Recently enacted state minimum wage laws may have cost the economy 100,000 to 200,000 new jobs, according to an analysis published by the Federal Reserve Bank of San Francisco on Monday.
In the analysis posted to the San Francisco Fed’s site, economist David Neumark reviewed the effects of the federal and state minimum wage increases that have taken place since the federal minimum wage was set at $7.25 in 2007. Neumark multiplies the increases in the minimum wages by the estimates of job losses associated with higher minimum wages taken from recent studies to arrive at his conclusion.
Neumark writes that the loss of up to 200,000 is a “small drop” that should be weighed against the higher wages for those who remain employed.
The analysis is the latest update to a long-running debate over the effects of the minimum wage. Democrats, including President Obama and Democratic presidential candidates, favor raising the federal wage floor, while Republicans have opposed such a move on the grounds that it would cause job losses.

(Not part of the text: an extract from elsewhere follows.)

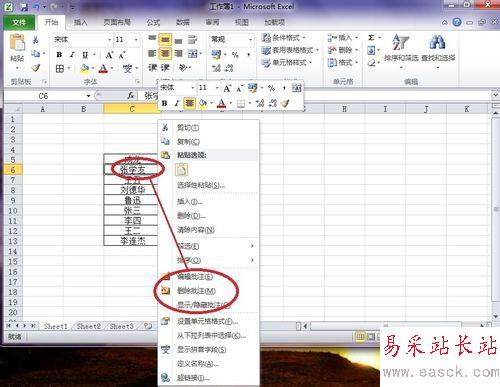5、當你發現你的批注不完整或批注錯誤需要修改的時候,你可以再次選定該單元格或文學,點擊右鍵,在右鍵菜單中選擇“編輯批注”或“刪除批注”或:顯示/隱藏批注“,重新設置即可。

Neumark, a professor at the University of California, Irvine, is one of the academic researchers most prominently involved in studying the effects of minimum wage laws. He wrote that “the overall body of recent evidence suggests that the most credible conclusion is a higher minimum wage results in some job loss for the least-skilled workers — with possibly larger adverse effects than earlier research suggested.” Neumark made a similar case in a recent op-ed for the Wall Street Journal.
In advocating a higher minimum wage, White House economists have highlighted a number of recent studies that have all found that minimum wage increases have resulted in either no or small job losses. In his analysis, Neumark suggested that some of the newer studies finding that minimum wages don’t hurt employment rely on comparisons between neighboring states that are not actually similar in important ways.
In February of last year, the nonpartisan Congressional Budget Office released a report finding that raising the minimum wage to $10.10 an hour, the level then favored by Obama, and indexing it to inflation would mean 500,000 fewer jobs. Such a hike would also pull 900,000 families above the federal poverty line, the report found.
This post has been updated to reflect that the analysis took into account the effects of both state and federal minimum wage increases.